Why can I put a cat in a list of animals?

Question

If lists are invariant, how come it's legal to append a Cat to a list[Animal]?

class Animal:
    def speak(self) -> None:
        print("*generic animal noises*")

class Cat(Animal):
    def speak(self) -> None:
        super().speak()
        print("also: meow")

animals: list[Animal] = [Animal(), Animal()]
animals.append(Cat())

Doesn't this require list to be covariant?

A list being invariant only means that you can't put a list of cats into a variable which stores a list of animals (or vice versa).

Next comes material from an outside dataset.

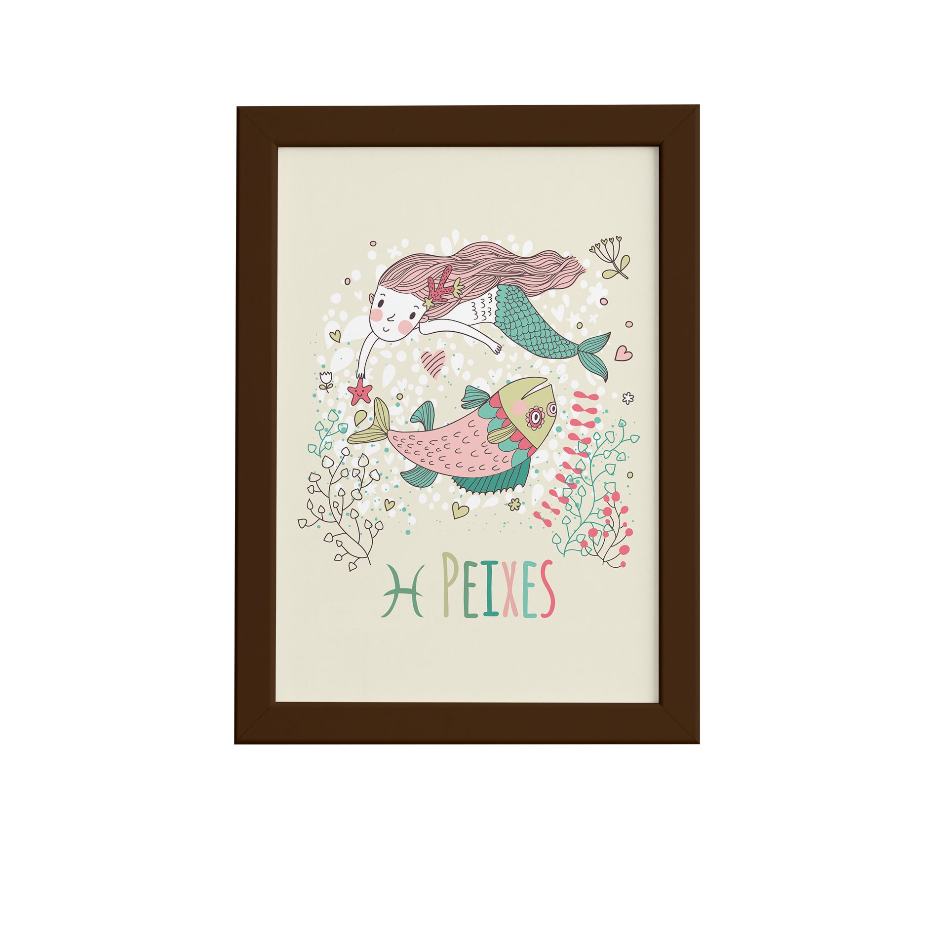 Quadro Signo Peixes Moldura Marrom 33x43cm

It's still legal to put a cat into a variable which stores an animal:

cat: Cat = Cat()
animal: Animal = cat
and this is roughly what happens when you call animals.append(Cat()): animals.append expects an animal, and a cat is a perfectly fine animal:
cat: Cat = Cat()
animal: Animal = cat

animals.append(animal)

Does this break anything?

list is invariant because if it weren't, bad things could happen:

def add_pets(animals: list[Animal]) -> None:
    animals.append(Dog())
    animals.append(Dragon())

cats: list[Cat] = []
animals: list[Animal] = cats  # this is illegal!
add_pets(animals)  # ...because this would make the cats very uncomfortable

But if you put a Cat into a list of Animals, everything will be fine. You can only extract an Animal from the list, and a Cat will work whenever an Animal works (at least it should).